Au Sénégal, la xénophobie rampante menace la teranga

Un étudiant béninois de 30 ans, Amadou Bangoura, ne pourra jamais oublier cette soirée du 30 juin à Dakar. Vers 22 heures, alors qu’il quittait sa salle de sport du quartier Liberté 6, une patrouille policière l’a intercepté sans raison apparente. “Deux agents m’ont demandé mes papiers sans même un mot d’explication”, raconte-t-il, encore sous le choc. “J’ai senti mon cœur battre à tout rompre. Je me suis dit : ‘Et si on me renvoyait chez moi alors que tout est en règle ?’”

des contrôles massifs qui sèment la peur

Cette scène n’est malheureusement pas isolée. Depuis quelques semaines, la Direction de la police des étrangers et des titres de voyage mène des opérations ciblées dans la capitale sénégalaise et ses environs. Officiellement, l’objectif affiché est de “garantir la sécurité des citoyens”. Pourtant, entre le 30 juin et le 8 juillet, ces contrôles ont abouti à 490 interpellations, dont 36 personnes placées en situation irrégulière déférées au parquet pour séjour illégal.

Pourtant, Amadou Bangoura, résidant légal au Sénégal depuis cinq ans, possède tous les documents nécessaires. “Ce qui est choquant, c’est cette logique de suspicion systématique envers les étrangers”, confie-t-il.

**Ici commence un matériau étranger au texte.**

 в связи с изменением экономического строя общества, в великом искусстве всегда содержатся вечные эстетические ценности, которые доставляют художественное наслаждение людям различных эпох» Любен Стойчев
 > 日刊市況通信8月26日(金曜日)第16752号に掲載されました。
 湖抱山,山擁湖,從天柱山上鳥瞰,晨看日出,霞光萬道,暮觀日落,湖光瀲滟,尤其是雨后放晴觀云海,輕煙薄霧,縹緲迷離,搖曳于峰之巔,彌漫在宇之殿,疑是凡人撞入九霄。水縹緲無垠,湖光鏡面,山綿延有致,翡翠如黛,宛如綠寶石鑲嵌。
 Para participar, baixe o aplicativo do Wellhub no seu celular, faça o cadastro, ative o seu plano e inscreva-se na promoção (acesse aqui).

Une inquiétude partagée par de nombreux habitants de Dakar, où la réputation d’hospitalité du pays, la Teranga, semble s’effriter peu à peu.

une société civile en alerte

Des organisations de la société civile sénégalaise ont tiré la sonnette d’alarme dans un communiqué publié le 13 juillet. Elles dénoncent des “pratiques administratives disproportionnées”, des interpellations arbitraires et des rétentions prolongées sans justification légale. “Ce n’est pas une politique migratoire qui est en jeu, mais bien l’instauration d’un climat de méfiance permanente à l’encontre des non-nationaux”, soulignent-elles.

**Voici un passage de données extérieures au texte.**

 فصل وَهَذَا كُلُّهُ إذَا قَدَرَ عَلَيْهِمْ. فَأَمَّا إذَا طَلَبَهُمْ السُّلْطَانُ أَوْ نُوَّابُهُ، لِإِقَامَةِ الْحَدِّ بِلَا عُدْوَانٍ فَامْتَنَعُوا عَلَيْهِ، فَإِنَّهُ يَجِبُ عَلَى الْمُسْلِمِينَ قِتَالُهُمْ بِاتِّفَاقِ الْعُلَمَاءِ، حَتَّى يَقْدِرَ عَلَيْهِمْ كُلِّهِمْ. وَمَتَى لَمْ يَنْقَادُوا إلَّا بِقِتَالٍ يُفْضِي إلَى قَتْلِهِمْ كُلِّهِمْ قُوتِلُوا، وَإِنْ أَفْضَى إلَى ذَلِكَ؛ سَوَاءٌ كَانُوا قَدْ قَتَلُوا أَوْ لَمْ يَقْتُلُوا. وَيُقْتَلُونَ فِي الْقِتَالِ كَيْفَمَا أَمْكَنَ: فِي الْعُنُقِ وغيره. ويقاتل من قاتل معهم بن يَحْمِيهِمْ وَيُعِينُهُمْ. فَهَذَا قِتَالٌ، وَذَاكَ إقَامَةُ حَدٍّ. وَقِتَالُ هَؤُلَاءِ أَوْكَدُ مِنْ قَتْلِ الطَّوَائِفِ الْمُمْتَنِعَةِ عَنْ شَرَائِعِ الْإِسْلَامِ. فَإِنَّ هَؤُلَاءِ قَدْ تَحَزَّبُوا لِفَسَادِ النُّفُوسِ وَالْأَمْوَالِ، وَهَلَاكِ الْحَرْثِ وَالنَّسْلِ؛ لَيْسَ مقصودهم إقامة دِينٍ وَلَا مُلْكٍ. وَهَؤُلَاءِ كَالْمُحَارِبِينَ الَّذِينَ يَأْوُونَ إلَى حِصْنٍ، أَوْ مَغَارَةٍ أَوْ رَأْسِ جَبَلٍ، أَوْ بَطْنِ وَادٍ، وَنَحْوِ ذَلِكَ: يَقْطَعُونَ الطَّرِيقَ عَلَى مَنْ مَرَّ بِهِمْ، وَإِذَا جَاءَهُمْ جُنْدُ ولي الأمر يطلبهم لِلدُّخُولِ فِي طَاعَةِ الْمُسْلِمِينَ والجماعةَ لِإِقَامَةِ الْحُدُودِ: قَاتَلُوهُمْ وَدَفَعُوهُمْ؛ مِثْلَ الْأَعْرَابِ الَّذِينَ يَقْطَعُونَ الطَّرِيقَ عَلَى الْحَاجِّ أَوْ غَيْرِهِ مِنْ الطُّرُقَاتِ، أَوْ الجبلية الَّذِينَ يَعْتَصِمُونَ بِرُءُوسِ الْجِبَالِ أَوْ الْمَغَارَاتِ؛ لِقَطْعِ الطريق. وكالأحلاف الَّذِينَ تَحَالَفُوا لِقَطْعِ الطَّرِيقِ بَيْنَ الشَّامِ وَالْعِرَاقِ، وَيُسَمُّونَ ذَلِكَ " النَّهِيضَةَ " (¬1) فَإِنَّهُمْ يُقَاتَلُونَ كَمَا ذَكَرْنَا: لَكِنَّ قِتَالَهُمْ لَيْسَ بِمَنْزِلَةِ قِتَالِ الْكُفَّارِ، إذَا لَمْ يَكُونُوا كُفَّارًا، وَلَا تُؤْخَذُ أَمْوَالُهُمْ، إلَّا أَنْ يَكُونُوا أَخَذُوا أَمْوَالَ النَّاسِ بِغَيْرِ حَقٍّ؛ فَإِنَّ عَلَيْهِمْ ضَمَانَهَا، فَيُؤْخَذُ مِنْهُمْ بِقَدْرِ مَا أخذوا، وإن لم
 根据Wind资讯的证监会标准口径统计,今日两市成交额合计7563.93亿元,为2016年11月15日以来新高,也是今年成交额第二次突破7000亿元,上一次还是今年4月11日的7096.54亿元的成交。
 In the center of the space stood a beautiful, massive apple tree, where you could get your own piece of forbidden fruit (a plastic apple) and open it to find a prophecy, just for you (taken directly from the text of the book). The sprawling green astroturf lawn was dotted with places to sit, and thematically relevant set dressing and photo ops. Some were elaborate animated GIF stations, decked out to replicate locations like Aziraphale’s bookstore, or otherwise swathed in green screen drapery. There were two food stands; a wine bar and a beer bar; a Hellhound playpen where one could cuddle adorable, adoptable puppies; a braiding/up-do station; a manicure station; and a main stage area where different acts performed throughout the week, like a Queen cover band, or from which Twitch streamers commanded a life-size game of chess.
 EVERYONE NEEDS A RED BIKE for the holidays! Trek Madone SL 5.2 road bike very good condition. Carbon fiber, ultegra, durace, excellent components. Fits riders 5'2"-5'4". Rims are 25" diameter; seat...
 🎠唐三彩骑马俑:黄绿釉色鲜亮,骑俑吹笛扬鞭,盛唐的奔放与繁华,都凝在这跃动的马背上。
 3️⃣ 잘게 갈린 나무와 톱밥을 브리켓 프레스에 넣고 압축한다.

Les réseaux sociaux amplifient ce phénomène. Sur TikTok, des vidéos ciblant spécifiquement la communauté guinéenne, qui représente plus de 40 % des résidents étrangers au Sénégal, circulent massivement. Les Guinéens y sont accusés de “voler le travail des Sénégalais”, un discours qui rappelle les dérives xénophobes observées récemment en Afrique du Sud.

Ces mesures surviennent alors que le Sénégal vient tout juste de prendre la présidence de la Communauté économique des États de l’Afrique de l’Ouest (CEDEAO). Une coïncidence troublante pour ceux qui y voient le signe d’un virage sécuritaire inquiétant.